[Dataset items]

[Start of section]

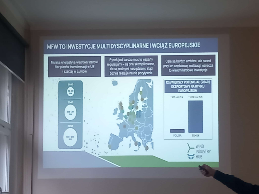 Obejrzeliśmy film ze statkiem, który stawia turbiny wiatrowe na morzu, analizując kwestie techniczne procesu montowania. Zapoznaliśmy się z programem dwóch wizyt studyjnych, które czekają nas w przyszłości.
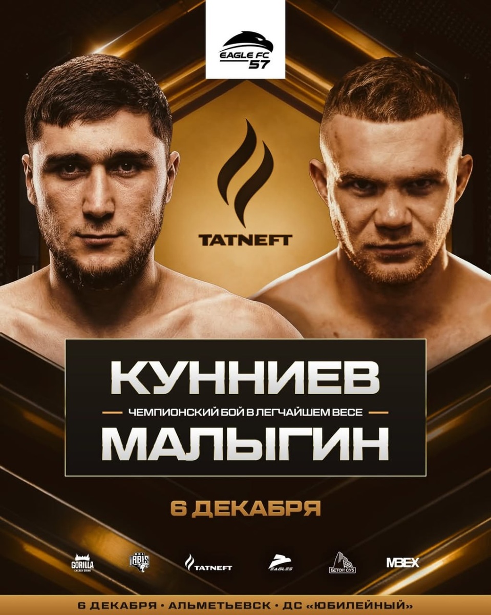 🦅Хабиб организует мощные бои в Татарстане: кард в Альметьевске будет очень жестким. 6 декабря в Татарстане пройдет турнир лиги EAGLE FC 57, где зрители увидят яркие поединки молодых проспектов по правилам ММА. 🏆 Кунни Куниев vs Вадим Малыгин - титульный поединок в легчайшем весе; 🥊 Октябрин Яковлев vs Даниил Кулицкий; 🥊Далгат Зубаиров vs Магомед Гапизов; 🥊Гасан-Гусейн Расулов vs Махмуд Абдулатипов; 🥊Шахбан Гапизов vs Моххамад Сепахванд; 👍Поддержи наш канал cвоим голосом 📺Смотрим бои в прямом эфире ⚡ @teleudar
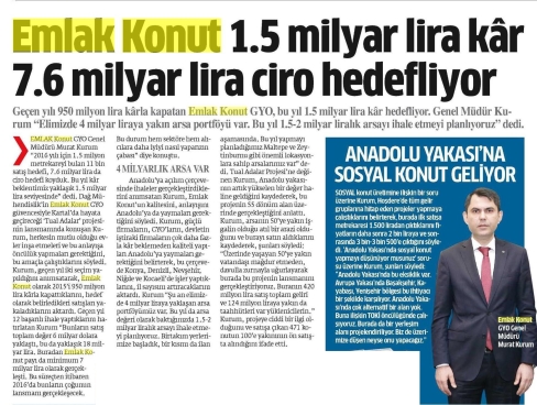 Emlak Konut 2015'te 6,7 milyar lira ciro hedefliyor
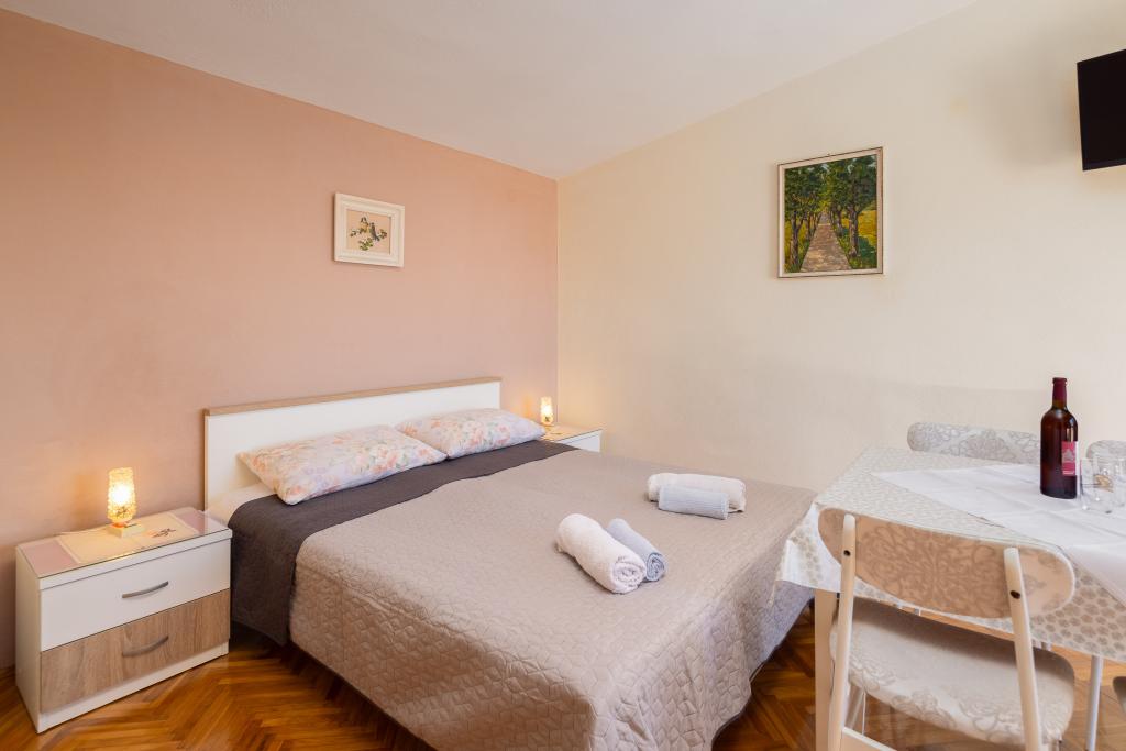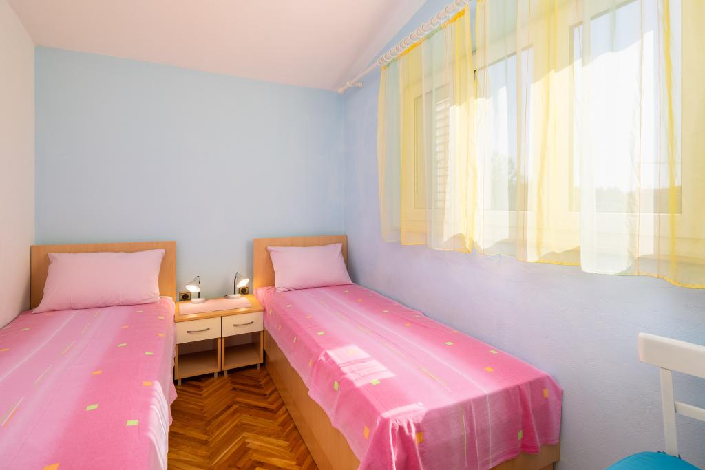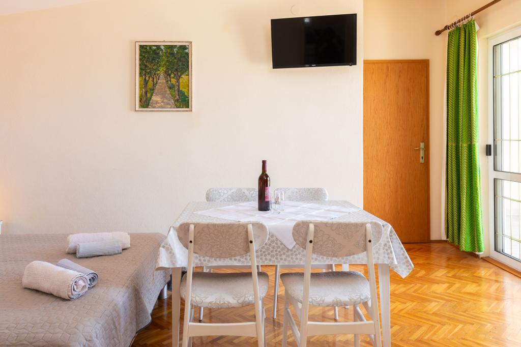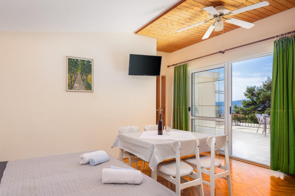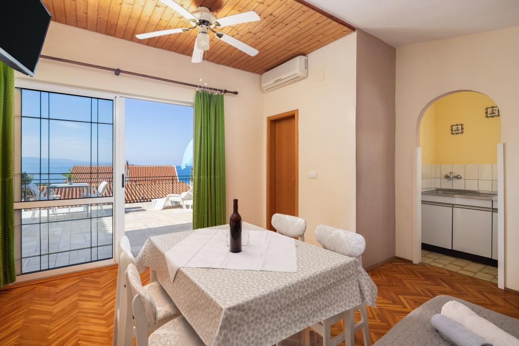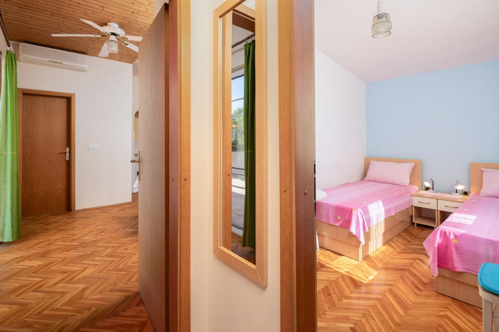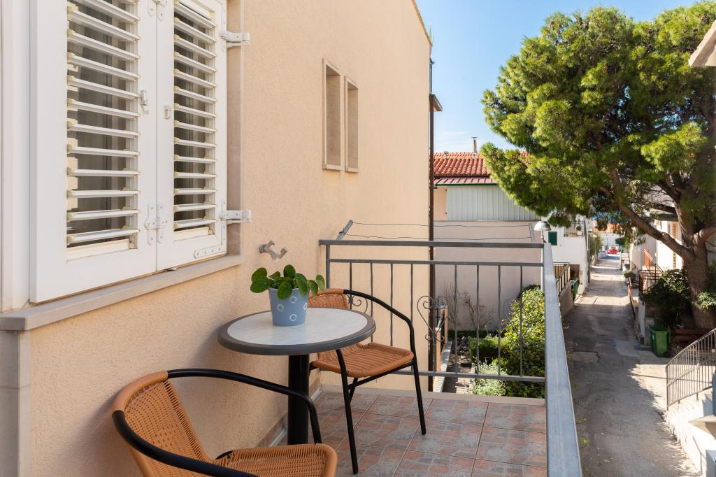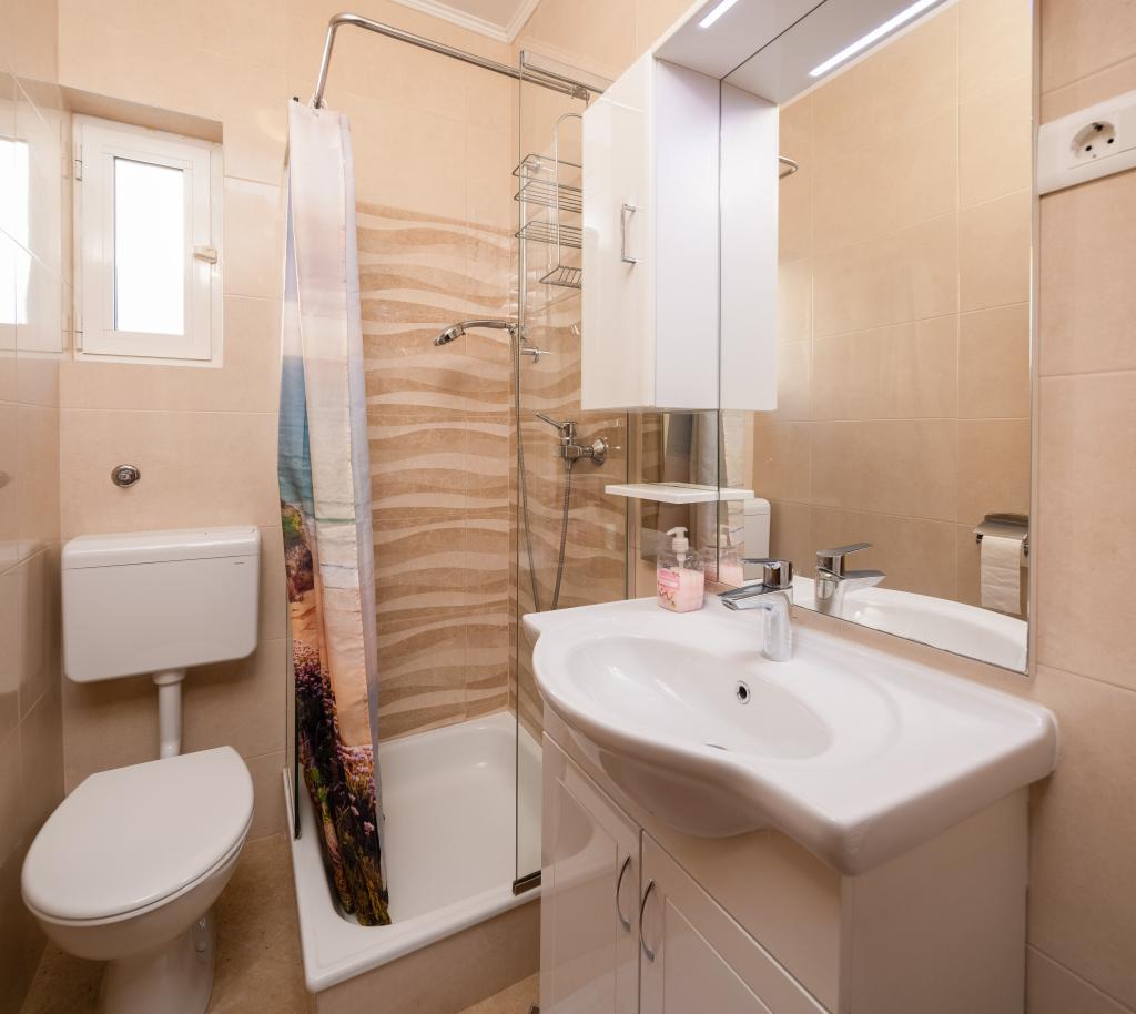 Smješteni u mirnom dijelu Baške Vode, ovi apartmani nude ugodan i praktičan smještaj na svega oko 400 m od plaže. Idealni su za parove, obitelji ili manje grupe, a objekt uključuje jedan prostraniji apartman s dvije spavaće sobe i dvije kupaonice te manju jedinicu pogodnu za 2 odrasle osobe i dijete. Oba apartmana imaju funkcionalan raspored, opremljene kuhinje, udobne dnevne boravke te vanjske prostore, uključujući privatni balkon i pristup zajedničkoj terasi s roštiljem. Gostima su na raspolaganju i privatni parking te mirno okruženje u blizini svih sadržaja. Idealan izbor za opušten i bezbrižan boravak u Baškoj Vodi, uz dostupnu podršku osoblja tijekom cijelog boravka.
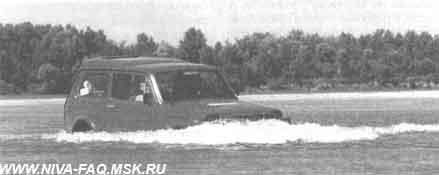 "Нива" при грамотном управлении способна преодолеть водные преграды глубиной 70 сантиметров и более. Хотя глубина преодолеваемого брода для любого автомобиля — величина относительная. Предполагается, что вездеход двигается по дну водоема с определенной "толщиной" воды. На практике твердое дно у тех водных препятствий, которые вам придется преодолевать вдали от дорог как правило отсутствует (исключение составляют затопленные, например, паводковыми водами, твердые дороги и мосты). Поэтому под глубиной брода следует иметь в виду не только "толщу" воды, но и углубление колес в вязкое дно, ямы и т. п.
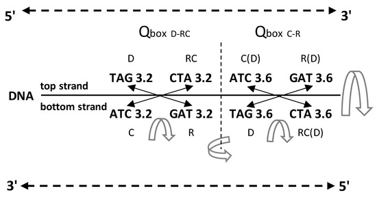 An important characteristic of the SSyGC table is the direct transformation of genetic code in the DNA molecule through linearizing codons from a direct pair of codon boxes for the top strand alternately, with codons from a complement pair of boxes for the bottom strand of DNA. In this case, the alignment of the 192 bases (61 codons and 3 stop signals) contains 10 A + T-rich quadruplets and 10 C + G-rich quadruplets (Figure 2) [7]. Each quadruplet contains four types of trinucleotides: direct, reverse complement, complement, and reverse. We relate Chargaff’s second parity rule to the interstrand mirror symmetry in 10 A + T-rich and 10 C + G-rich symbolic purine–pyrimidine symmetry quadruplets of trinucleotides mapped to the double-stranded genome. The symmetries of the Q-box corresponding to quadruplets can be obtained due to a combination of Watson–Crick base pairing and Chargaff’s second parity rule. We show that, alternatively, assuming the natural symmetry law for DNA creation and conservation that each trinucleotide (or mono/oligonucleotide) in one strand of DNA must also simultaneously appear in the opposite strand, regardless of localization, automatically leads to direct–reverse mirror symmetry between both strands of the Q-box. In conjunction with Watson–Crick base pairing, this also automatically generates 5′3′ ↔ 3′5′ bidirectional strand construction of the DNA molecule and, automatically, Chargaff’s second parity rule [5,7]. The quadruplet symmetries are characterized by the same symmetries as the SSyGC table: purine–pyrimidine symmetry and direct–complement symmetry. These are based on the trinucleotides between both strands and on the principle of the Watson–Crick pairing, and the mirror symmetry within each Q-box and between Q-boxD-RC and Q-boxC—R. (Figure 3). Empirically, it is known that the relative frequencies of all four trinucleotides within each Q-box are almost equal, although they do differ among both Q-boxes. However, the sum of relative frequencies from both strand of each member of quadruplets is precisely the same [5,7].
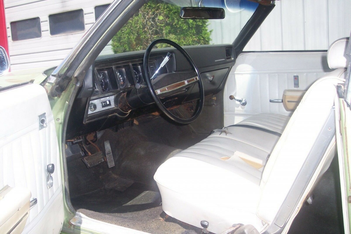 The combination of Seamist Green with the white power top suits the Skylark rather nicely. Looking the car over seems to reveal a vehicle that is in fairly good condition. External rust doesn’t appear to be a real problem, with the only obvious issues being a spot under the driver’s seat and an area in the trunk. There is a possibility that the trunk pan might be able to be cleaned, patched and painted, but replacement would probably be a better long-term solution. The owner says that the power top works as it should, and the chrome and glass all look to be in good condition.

[End of section]

**WORK TO COMPLETE**
Using the entries above, repeat exactly the lines from the one with "Smješteni u mirnom" to the one with "ямы и т. п.", both included, and leave the pictures behind.

**SOLUTION TO THE PROBLEM**
 Smješteni u mirnom dijelu Baške Vode, ovi apartmani nude ugodan i praktičan smještaj na svega oko 400 m od plaže. Idealni su za parove, obitelji ili manje grupe, a objekt uključuje jedan prostraniji apartman s dvije spavaće sobe i dvije kupaonice te manju jedinicu pogodnu za 2 odrasle osobe i dijete. Oba apartmana imaju funkcionalan raspored, opremljene kuhinje, udobne dnevne boravke te vanjske prostore, uključujući privatni balkon i pristup zajedničkoj terasi s roštiljem. Gostima su na raspolaganju i privatni parking te mirno okruženje u blizini svih sadržaja. Idealan izbor za opušten i bezbrižan boravak u Baškoj Vodi, uz dostupnu podršku osoblja tijekom cijelog boravka.
 "Нива" при грамотном управлении способна преодолеть водные преграды глубиной 70 сантиметров и более. Хотя глубина преодолеваемого брода для любого автомобиля — величина относительная. Предполагается, что вездеход двигается по дну водоема с определенной "толщиной" воды. На практике твердое дно у тех водных препятствий, которые вам придется преодолевать вдали от дорог как правило отсутствует (исключение составляют затопленные, например, паводковыми водами, твердые дороги и мосты). Поэтому под глубиной брода следует иметь в виду не только "толщу" воды, но и углубление колес в вязкое дно, ямы и т. п.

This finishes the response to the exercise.